* EXERCISE DESCRIPTION: Any pictures in the records below should be skipped; write out everything else exactly.

* RECORDED INFORMATION:

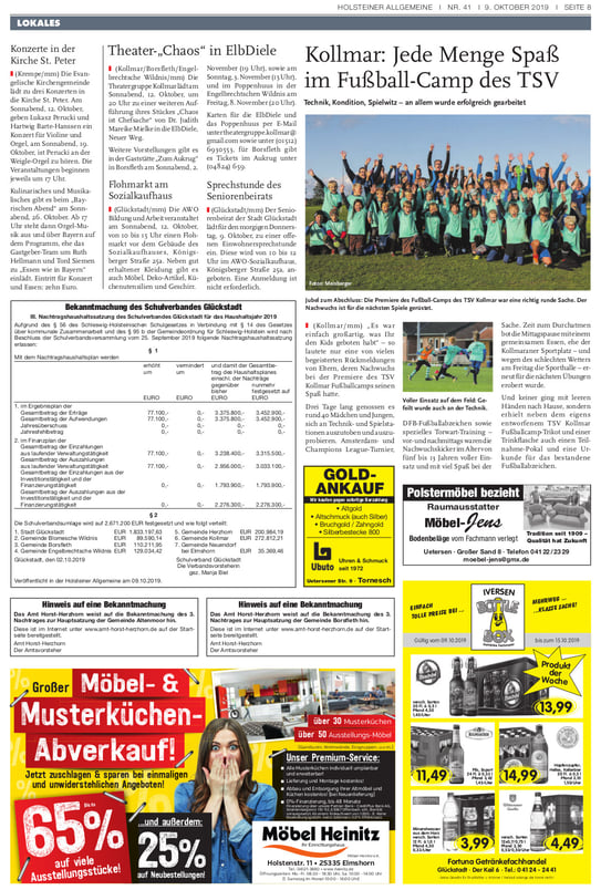 Über das Fußballcamp (Holsteiner Allgemeine vom 9.10.19)
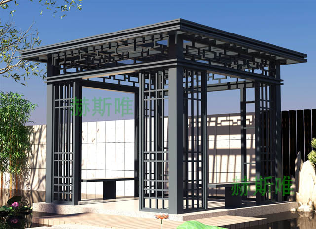 新中式涼亭:新中式涼亭是目前較為受歡迎是一款涼亭樣式,在時間和經驗共同下,符合國家環保的要求,終于打破了普通涼亭的這一缺憾常規,全面利用了鋁合金型材的優勢,完美的打造出了款式多樣的新中式鋁合金涼亭。保留了原來鋁合金涼亭的美感外觀,在外形變化上完美的彌補了其他材質不能做到的多變化,不能隨著環境變換而變化的有以下的特點。
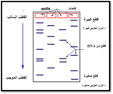 شكل (4) : قطع DNA على لوح من الجل بالكهرباء
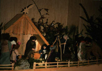 In 1966 I made my first poseable nativity scene. Heads and parts of arms and legs are sculptured from wax or Fimo on a wire sceleton. As you can see with Mary and Joseph the figures can have very different positions. The grown ups are around 10" tall.The pictures above show the nativity of our family which I have started in 1984, when our son Josef was born. It was completed in the next years. Now our children belong to the scene as well as our horses instead of the oxen and the donkey. Diese Wachsfigurenkrippe entstand 1974, die beiden unteren Krippen aus beweglichen Fimo-Figuren habe ich in der Zeit zwischen 1985 und 1990 für verschiedene Familien gemacht. Ausstattung und Aufbau erfolgte von den Besitzern.These are nativities from wax and Fimo I made between 1974 and 1990 for different families. The pictures show how these families decorated their figures in their own way.
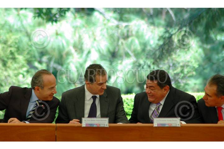 MÉXICO, D.F., 26MARZO2010.- José Guadalupe Osuna Millán, gobernador de Baja California; José Luis Luege Tamargo, director de Conagua y el presidente Felipe Calderón durante la presentación de la Agenda del Agua 2030 que se realizo en la Explanada del Monumento a Francisco I. Madero de la residencia oficial de Los Pinos. FOTO: RODOLFO ANGULO/CUARTOSCURO.COM
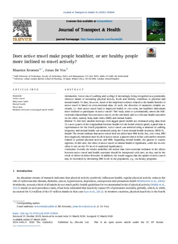 Title: | Does active travel make people healthier, or are healthy people more inclined to travel actively? |
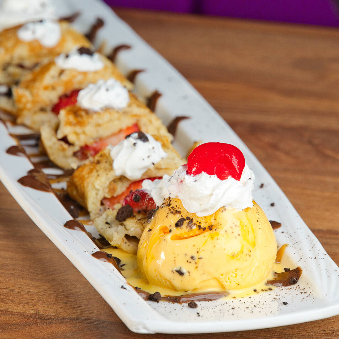 Crepes rellenos de 1 fruta (fresa o banano), queso, helado y salsas.
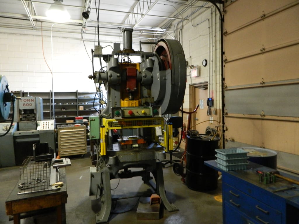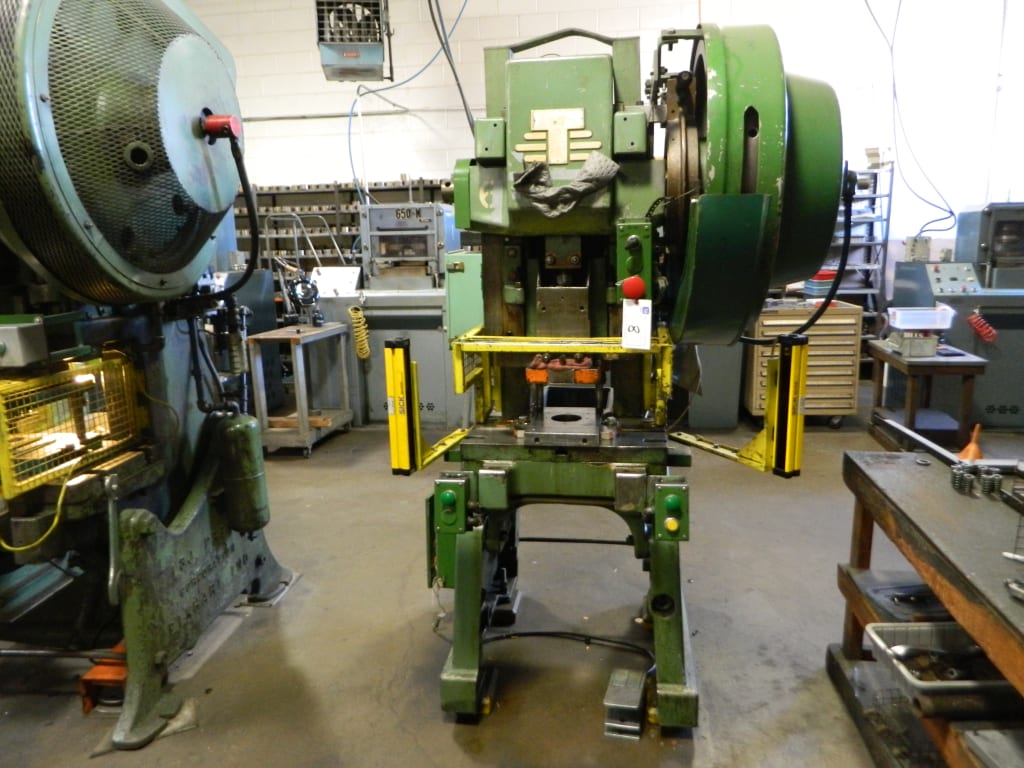 - V&O m# 25ST 25 Ton Capacity OBI Flywheel PressV&O m# 25ST 25 Ton Capacity OBI Flywheel Press, 2" Stroke, 11" Shut Height, Ram Adjustment: 2-1/2″, Bed Size: 24″ x 13″, Ram Size: 10″ x 7″, Throat: 7″, Opening Thru Back: 11″, Speeds: 200 – 600, S/N 25ST-102 w/ Light Curtains
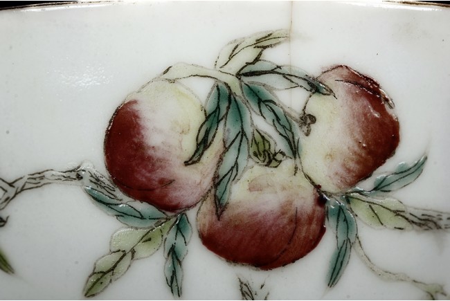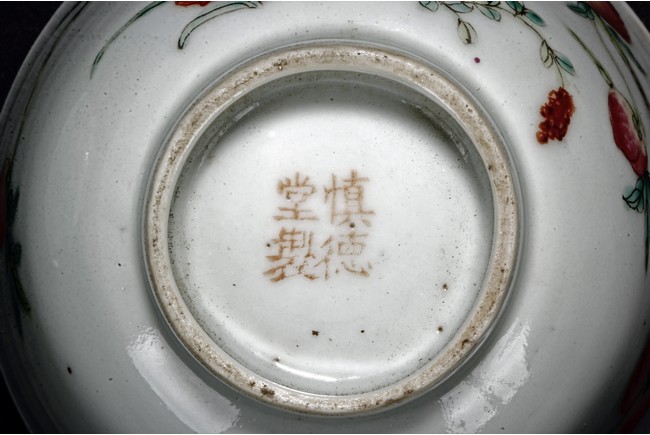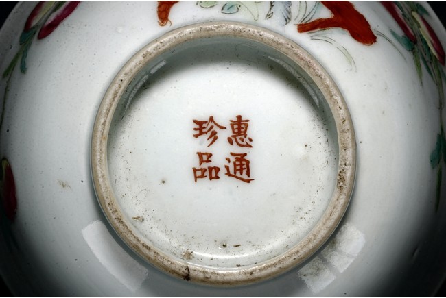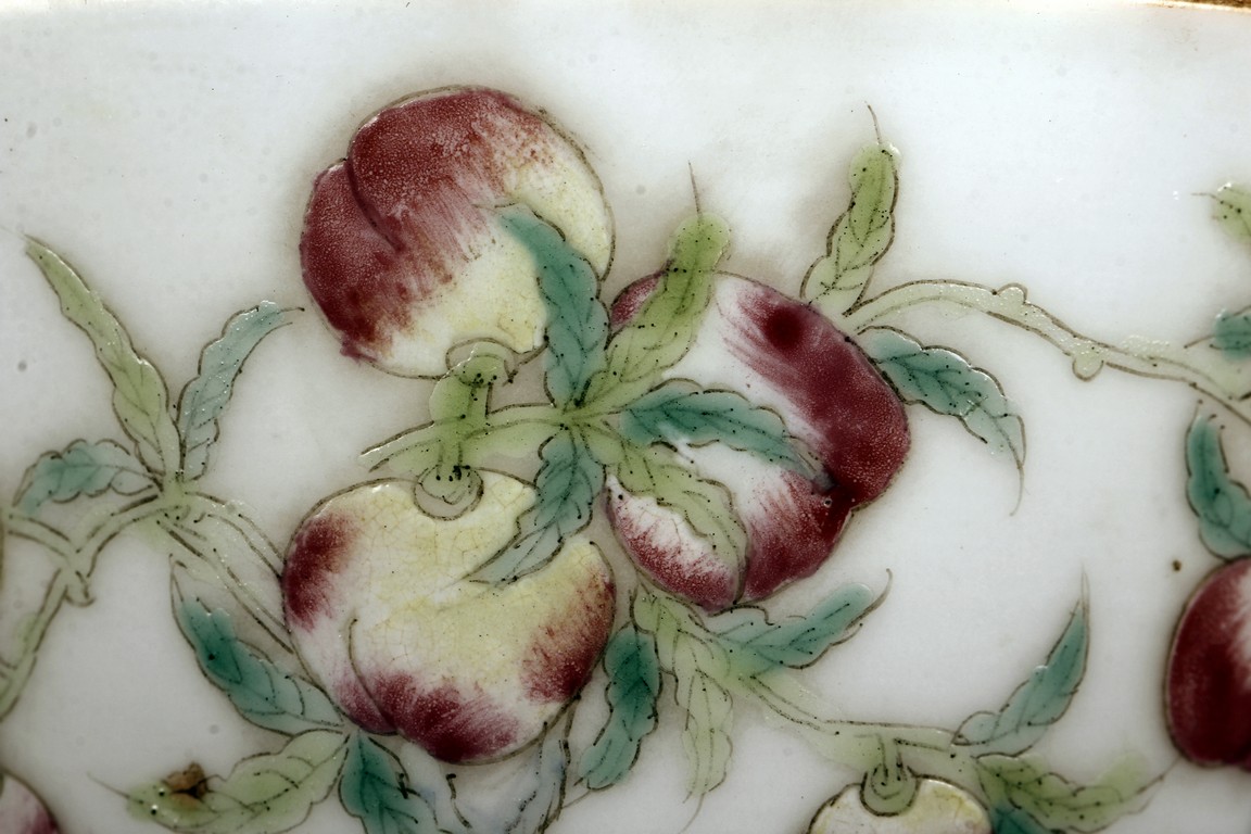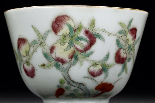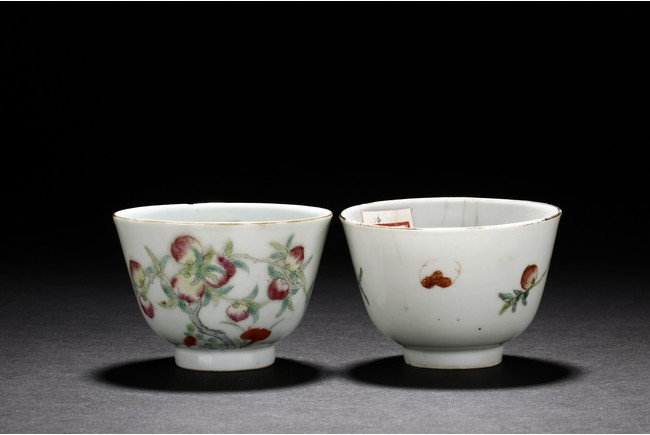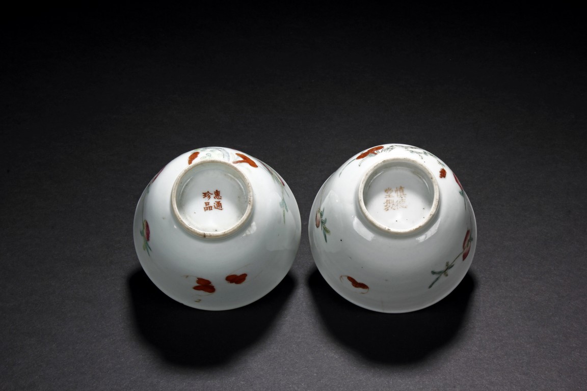 Republic period. Each cup is thinly potted with steep sides rising to a flared rim, and is decorated with nine peaches growing on branches, with two flying bats on opposite side. One bears a four character 'Shen De Tang Zhi' mark, the other bears a four character 'Hui Tong Zhen Pin' mark.
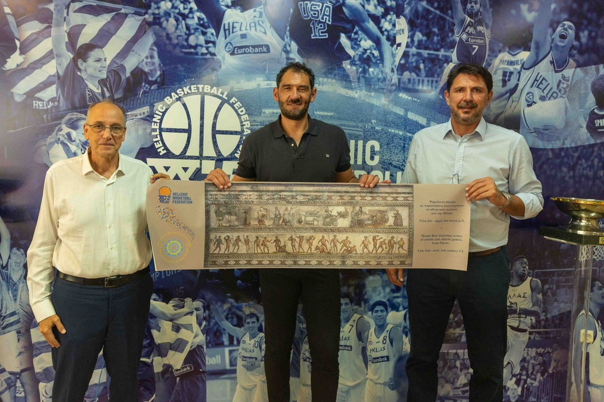 Το δώρο της ΕΟΚ προς τον παλαίμαχο μπασκετμπολίστα ήταν μία αφίσα στην οποία απεικονίζεται ένα ψηφιδωτό δάπεδο με παραστάσεις καλλιτεχνικών και αθλητικών αγώνων από την Πάτρα, στα τέλη του δεύτερου και τις αρχές του τρίτου αιώνα μ. Χ.

* COMPLETED TASK:
 Über das Fußballcamp (Holsteiner Allgemeine vom 9.10.19)
 新中式涼亭:新中式涼亭是目前較為受歡迎是一款涼亭樣式,在時間和經驗共同下,符合國家環保的要求,終于打破了普通涼亭的這一缺憾常規,全面利用了鋁合金型材的優勢,完美的打造出了款式多樣的新中式鋁合金涼亭。保留了原來鋁合金涼亭的美感外觀,在外形變化上完美的彌補了其他材質不能做到的多變化,不能隨著環境變換而變化的有以下的特點。
 شكل (4) : قطع DNA على لوح من الجل بالكهرباء
 In 1966 I made my first poseable nativity scene. Heads and parts of arms and legs are sculptured from wax or Fimo on a wire sceleton. As you can see with Mary and Joseph the figures can have very different positions. The grown ups are around 10" tall.The pictures above show the nativity of our family which I have started in 1984, when our son Josef was born. It was completed in the next years. Now our children belong to the scene as well as our horses instead of the oxen and the donkey. Diese Wachsfigurenkrippe entstand 1974, die beiden unteren Krippen aus beweglichen Fimo-Figuren habe ich in der Zeit zwischen 1985 und 1990 für verschiedene Familien gemacht. Ausstattung und Aufbau erfolgte von den Besitzern.These are nativities from wax and Fimo I made between 1974 and 1990 for different families. The pictures show how these families decorated their figures in their own way.
 MÉXICO, D.F., 26MARZO2010.- José Guadalupe Osuna Millán, gobernador de Baja California; José Luis Luege Tamargo, director de Conagua y el presidente Felipe Calderón durante la presentación de la Agenda del Agua 2030 que se realizo en la Explanada del Monumento a Francisco I. Madero de la residencia oficial de Los Pinos. FOTO: RODOLFO ANGULO/CUARTOSCURO.COM
 Title: | Does active travel make people healthier, or are healthy people more inclined to travel actively? |
 Crepes rellenos de 1 fruta (fresa o banano), queso, helado y salsas.
 - V&O m# 25ST 25 Ton Capacity OBI Flywheel PressV&O m# 25ST 25 Ton Capacity OBI Flywheel Press, 2" Stroke, 11" Shut Height, Ram Adjustment: 2-1/2″, Bed Size: 24″ x 13″, Ram Size: 10″ x 7″, Throat: 7″, Opening Thru Back: 11″, Speeds: 200 – 600, S/N 25ST-102 w/ Light Curtains
 Republic period. Each cup is thinly potted with steep sides rising to a flared rim, and is decorated with nine peaches growing on branches, with two flying bats on opposite side. One bears a four character 'Shen De Tang Zhi' mark, the other bears a four character 'Hui Tong Zhen Pin' mark.
 Το δώρο της ΕΟΚ προς τον παλαίμαχο μπασκετμπολίστα ήταν μία αφίσα στην οποία απεικονίζεται ένα ψηφιδωτό δάπεδο με παραστάσεις καλλιτεχνικών και αθλητικών αγώνων από την Πάτρα, στα τέλη του δεύτερου και τις αρχές του τρίτου αιώνα μ. Χ.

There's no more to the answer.